Records contained in a dataset

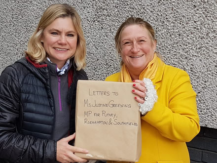 Justine Greening Mp receives her letters from Helen Rennie-Smith
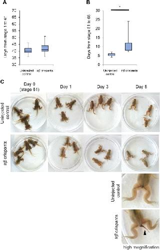 Fig. 5. Delay of tail resorption in trβ crispants during natural metamorphosis. (A) The days from fertilization to stage 61 are indicated in a box plot for uninjected control tadpoles (n=46) and trβ crispants (n=39). There were no significant differences. (B) The days from stage 61 to stage 66 are indicated in a box plot for uninjected control tadpoles (n=45) and trβ crispants (n=38). trβ crispants required significantly more days to reach stage 66 (Welch's t-test, *P<0.05). N values represent the merged total numbers of tadpoles from two independent experiments. Box and whiskers show the interquartile range and maximum and minimum data points, respectively. (C) Time course of tail resorption in uninjected control tadpoles and trβ crispants. Uninjected control tadpoles and trβ crispants of the same age were selected from the same clutch at stage 61 and gill resorption observed at 1 days, 3 days, and 5 days after stage 61 (day 0). Uninjected control tadpoles completed tail resorption by day 5. In contrast, the tail remained in trβ crispants on day 5 (an arrowhead in the high magnification image) and a longer time was required to reach the end of metamorphosis.
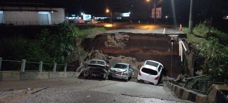 A cabeceira da ponte cedeu na noite do dia 21 de abril. Três carros, com quatro pessoas, trafegavam sobre a estrutura quando ocorreu o desabamento. Apesar do susto, ninguém se feriu. Além de comprometer o trânsito, o episódio afetou o abastecimento de água na região e houve vazamento de gás.
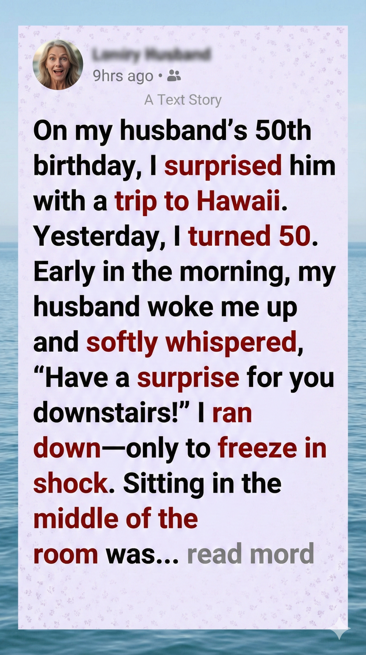 For my husband’s fiftieth birthday, I spent months crafting something meaningful. I didn’t want to give him just a thing—I wanted to give him a memory, an experience, a feeling. I poured over maps, traced routes, saved images of sunsets, and quietly planned a trip to Hawaii. I hoped the endless ocean would speak for me, showing that our years together had been steady, wide, and enduring—even when words fell short.
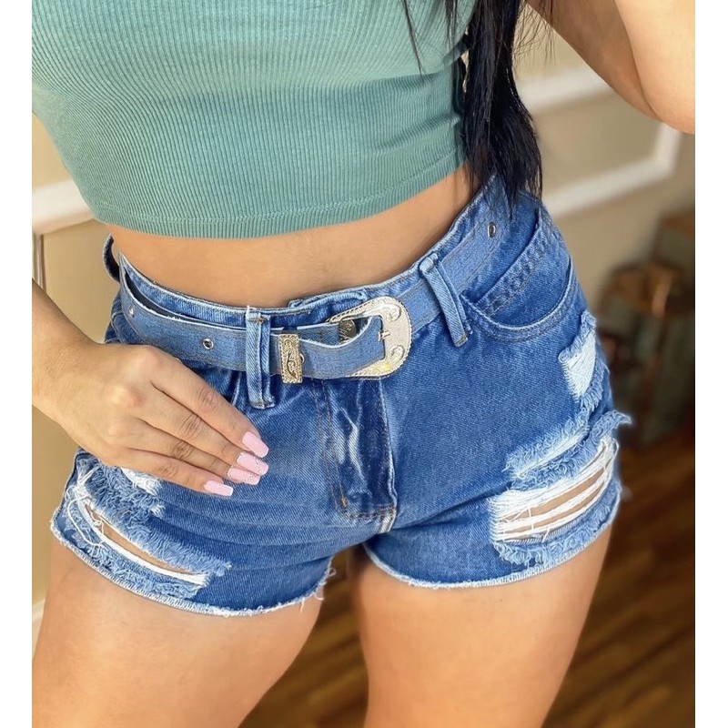 Short Jeans Feminino Cintura Alta Acompanha Cinto Lan amento
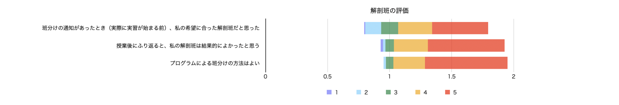 解剖班はプログラムによる組み合わせで作成された。高評価が得られた。
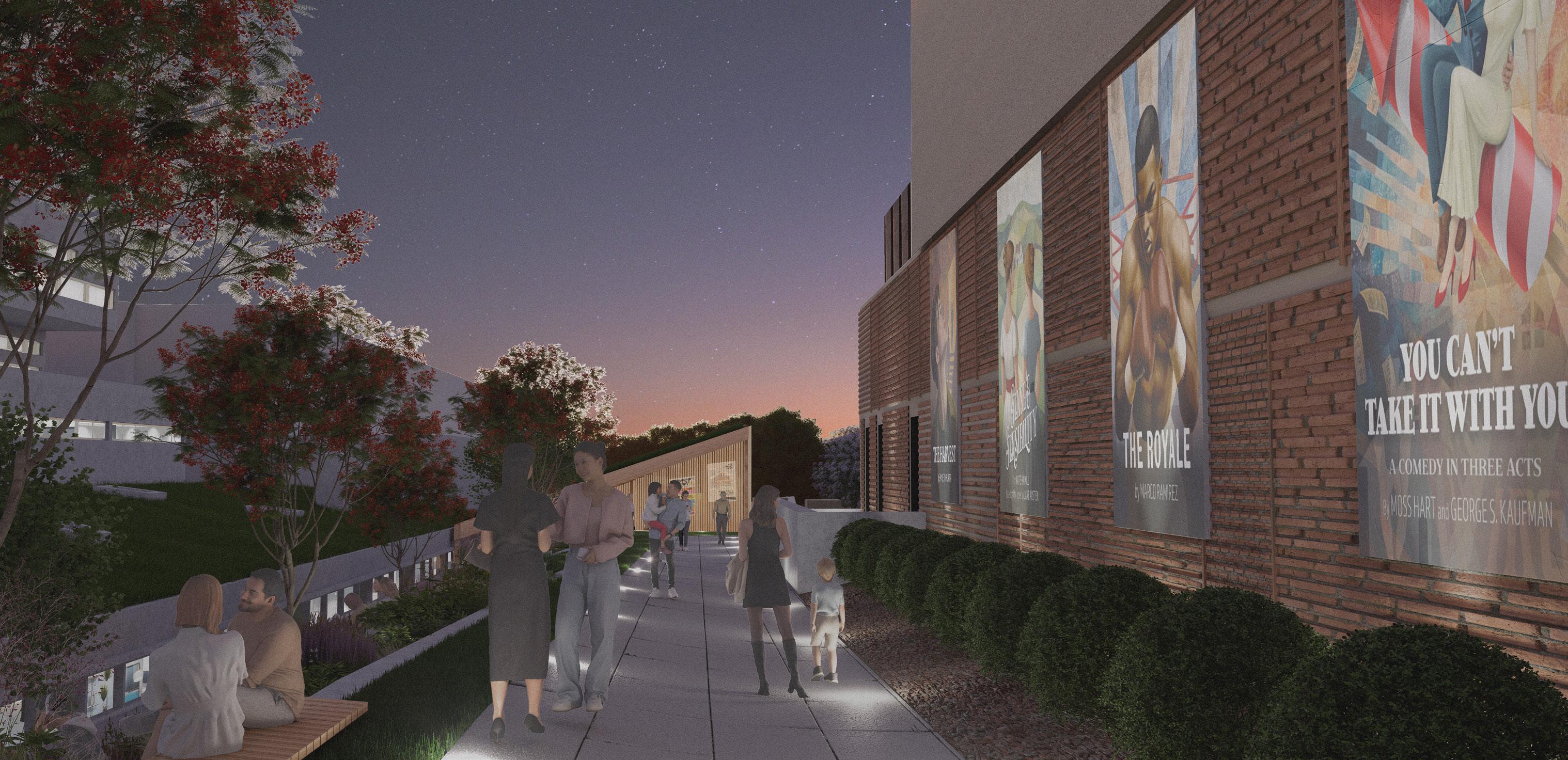 This project transforms the underutilized space between the Art + Architecture Building and the Jenny Boyd Carousel Theatre Extension into an activated Arts Quad that supports circulation, collaboration, and public use. A network of paths, regulating lines, and pavilions connects key campus corridors while creating opportunities for exhibitions, workshops, and reviews.
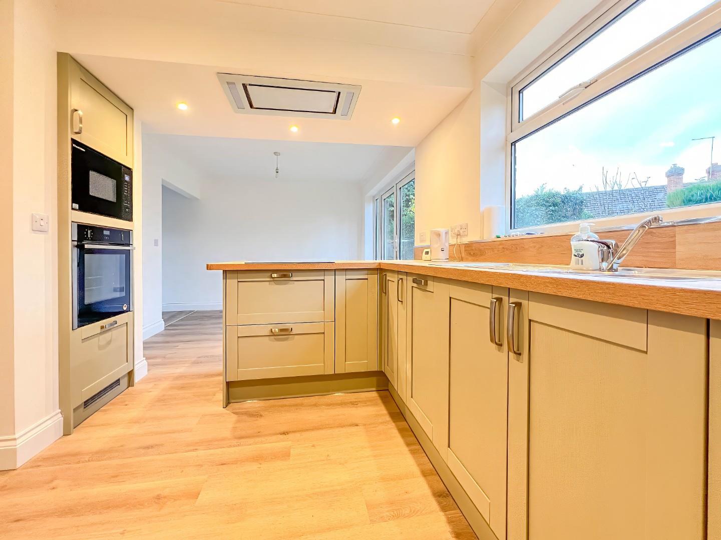 Fully fitted kitchen with an ample range of kitchen units with worktop surfaces with an inset, 1 1/2 half bowl stainless steel single drainer sink unit with mixer tap with storage under. Incorporating, various built in kitchen appliances, such as, built in oven with slide & hide door with microwave oven over, fitted inset hob with extractor hood over, & fridge freezer, in addition there is a double glazed window that overlooks the rear garden with door to the side providing access to the rear lobby.
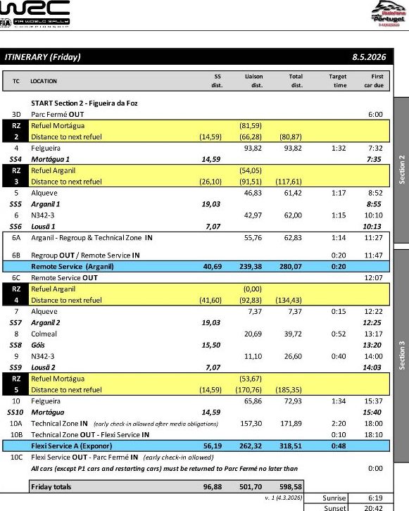 A quinta etapa do Campeonato do Mundo de Ralis aterra nas regiões Norte e Centro de Portugal entre 7 e 10 de maio. A base operacional da prova mantem-se na Exponor, em Matosinhos, onde se concentram a direção de prova, as marcas e os pilotos.
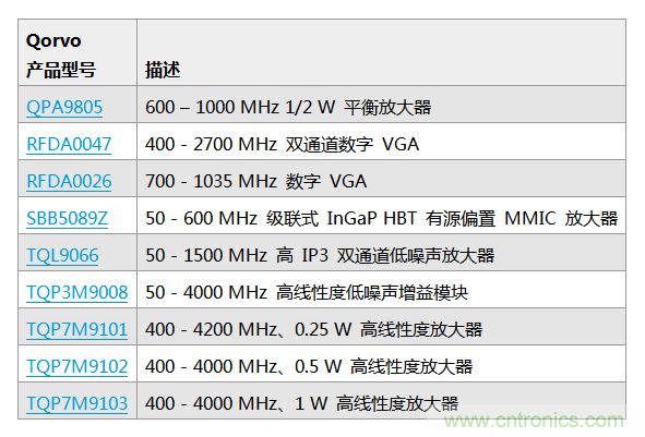 Qorvo 的小信號(hào)產(chǎn)品系列線性度高,功耗低,噪音小,尺寸小,極其便于集成。這一系列包括發(fā)送線性放大器、增益模塊和可變?cè)鲆娣糯笃?,以及衰減器、開(kāi)關(guān)、濾波器、雙工器和低噪聲放大器。少數(shù)此類(lèi)解決方案包含:
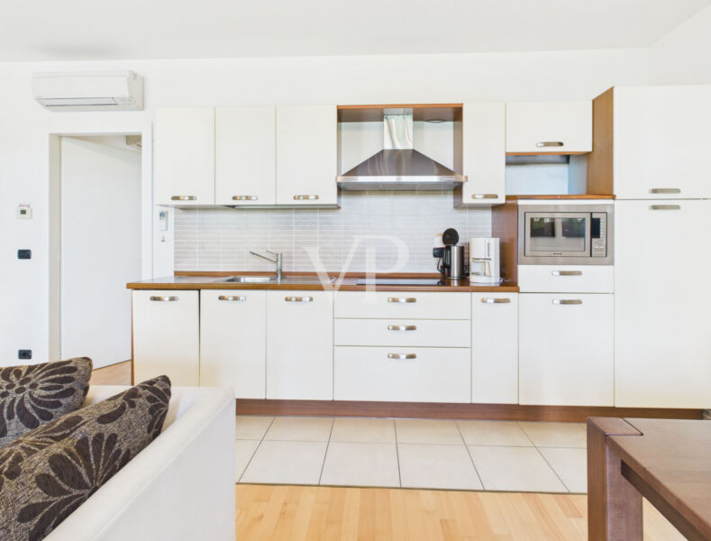 Residenz "I Molini" - Helle Wohnung im Erdgeschoss, modern eingerichtet. Wohnbereich mit Wohn-/Esszimmer, Sat-TV und Klimaanlage; komplette offene Küche (Backofen, Geschirrspüler, 4-Flammen-Induktionskochfeld, Mikrowelle). Ausgang zur Terrasse und zum großen Privatgarten mit Gartenmöbeln.

*WORK INSTRUCTION*:
Write out exactly the lines above, from the very first through the line containing "A cabeceira da", both kept, with the pictures removed.

*RESULT OF THIS TASK*:
 Justine Greening Mp receives her letters from Helen Rennie-Smith
 Fig. 5. Delay of tail resorption in trβ crispants during natural metamorphosis. (A) The days from fertilization to stage 61 are indicated in a box plot for uninjected control tadpoles (n=46) and trβ crispants (n=39). There were no significant differences. (B) The days from stage 61 to stage 66 are indicated in a box plot for uninjected control tadpoles (n=45) and trβ crispants (n=38). trβ crispants required significantly more days to reach stage 66 (Welch's t-test, *P<0.05). N values represent the merged total numbers of tadpoles from two independent experiments. Box and whiskers show the interquartile range and maximum and minimum data points, respectively. (C) Time course of tail resorption in uninjected control tadpoles and trβ crispants. Uninjected control tadpoles and trβ crispants of the same age were selected from the same clutch at stage 61 and gill resorption observed at 1 days, 3 days, and 5 days after stage 61 (day 0). Uninjected control tadpoles completed tail resorption by day 5. In contrast, the tail remained in trβ crispants on day 5 (an arrowhead in the high magnification image) and a longer time was required to reach the end of metamorphosis.
 A cabeceira da ponte cedeu na noite do dia 21 de abril. Três carros, com quatro pessoas, trafegavam sobre a estrutura quando ocorreu o desabamento. Apesar do susto, ninguém se feriu. Além de comprometer o trânsito, o episódio afetou o abastecimento de água na região e houve vazamento de gás.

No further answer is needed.